Retaking the Ivy League



Page after page of white men wearing rugby shirts, Bermuda shorts, and boat shoes strolling around brick buildings and grassy quads...



Amanda Zhang ’21 describes today’s outfit as more “femme” than usual: a white knee-length dress with thin black straps and doodles of faces and profiles gracing its fabric. As she dresses each morning and walks to class, she often wonders, “Is someone going to take me seriously as a student?" Zhang explains that women or people of color who “differ from the kind of person who’s always gone to Harvard” have to reckon with their identity expression on an everyday basis.

Zhang says she realized that there is a “public sort of ethos that goes along with [Harvard’s] history” early in her career as a college student. “When I think of my family in Asia, and you ask them, ‘What's a good school?’, they say, ‘Harvard.’ You'll ask them, ‘What do Harvard students dress like?’, and they will say, ‘This.’”

“This” Ivy League look refers to four white male students walking under a gothic stone arch in plaid shorts and greyscale sweaters with collars peeking out — the exact image that appears on the original cover of “Take Ivy.” Founded in 1965, “Take Ivy” was a survey of collegiate American fashion created by Japanese photographers who wanted to introduce the style to Asia. They traveled up and down the East coast documenting the outfits of Ivy League students. A cursory flip through the book shows page after page of white men wearing rugby shirts, Bermuda shorts, and boat shoes strolling around brick buildings and grassy quads.

When she was in high school, Zhang found an online video that the “Take Ivy” photographers had produced in conjunction with the book. The images stuck with her even after she became an Ivy League student herself: for her final project as a Houghton Library Book Arts fellow this summer, she dug up a copy of “Take Ivy” in Widener. The book’s cover was missing, so Zhang was inspired to update and redesign the original cover. Her new cover obscures most of the original image, leaving only the title and the top of the arch visible.

When she arrived at Harvard, Zhang discovered the same tension between Ivy League style and self-expression that she had seen in the pages of the magazine. During her freshman year, Zhang took a class called “Fashion and Slavery” that pushed her to think about the issue in an academic setting. While many conceive of the stereotypical Harvard professor as someone who prefers collared shirts and pressed slacks, “Fashion and Slavery” challenged many of those ideas — her professor regularly sported “jean overalls and Nikes to class as professional wear.” This questioning of institutional conventions via clothing prompted “a lot of discussions in that class about what clothing means and how it can be used as a symbol of resistance and how it tells stories,” Zhang says.

Her curiosity about how institutional support influences “personal” style grew into her project on “Take Ivy.” In the course of her research, she was struck by how a physical book in Widener can academically legitimize a subject, and she became determined to produce a book that would one day have a place in Widener’s stacks — because “it's another one of those ways of making fashion stories legitimate and intellectually rigorous.”

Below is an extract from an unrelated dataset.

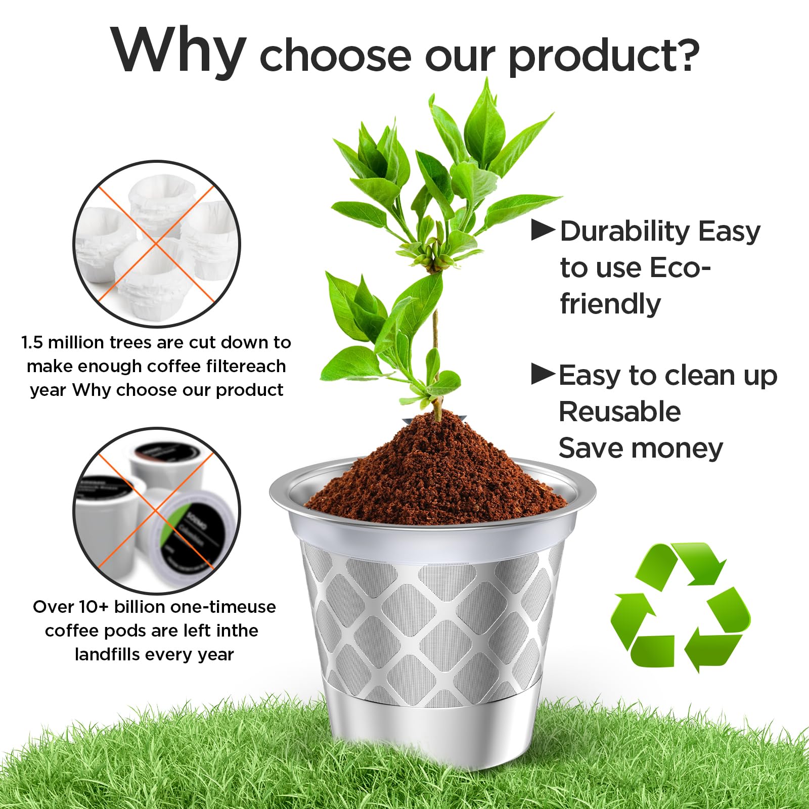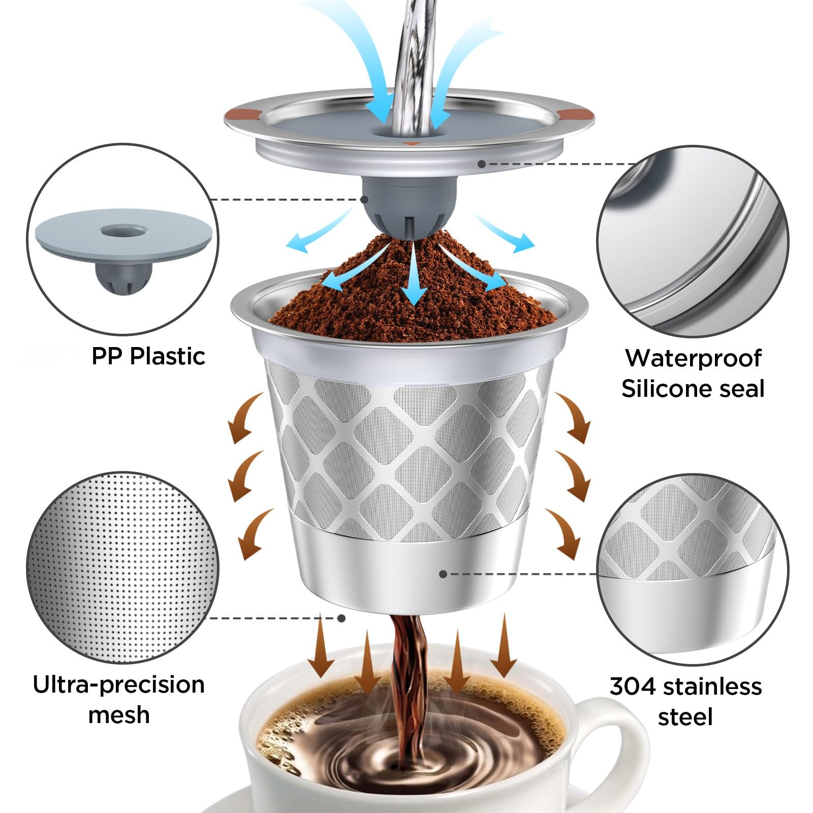 Original patented design- K CUP Reusable are very easy to use, just fill the coffee grounds you need into the stainless steel coffee k cups, after using, just dump the grounds into the trash and wash the reusable K CUP filter by water.
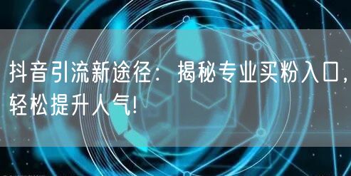 随着抖音平台的快速发展,越来越多的个人和企业开始关注抖音引流。如何快速增加粉丝和人气,成为许多用户关注的焦点。本文将为您揭秘抖音引流新途径,带您了解专业买粉入口,轻松提升人气!

Though her fellowship ended in August, Zhang has continued to work on her project. She’s planned a series of sit-down interviews and photo shoots with Ivy League students. She describes the interviews as casual conversations, guided by the question: “What led you to dress the way you did today?” The goal is to document these exchanges over the course of the year and compile them into a book by next summer; eventually, she plans to revamp the original creators’ vision by incorporating more technologically advanced components, documenting her art on a blog or an Instagram account.

Zhang emphasizes that redefining Ivy League style will require understanding the individual experience as opposed to a generalized Harvard experience. “It's very hard to get something like Harvard to change in the minds of an entire generation of people,” she explains, “but it's much easier to showcase that individuals are making their own unique choices to make Harvard different.” She believes that the only way to do this is to speak on a personal level with many people. “The heart of this project is sitting down with people… which really speaks to how Harvard is becoming a far more diverse community that needs to collaborate in effective ways,” she says.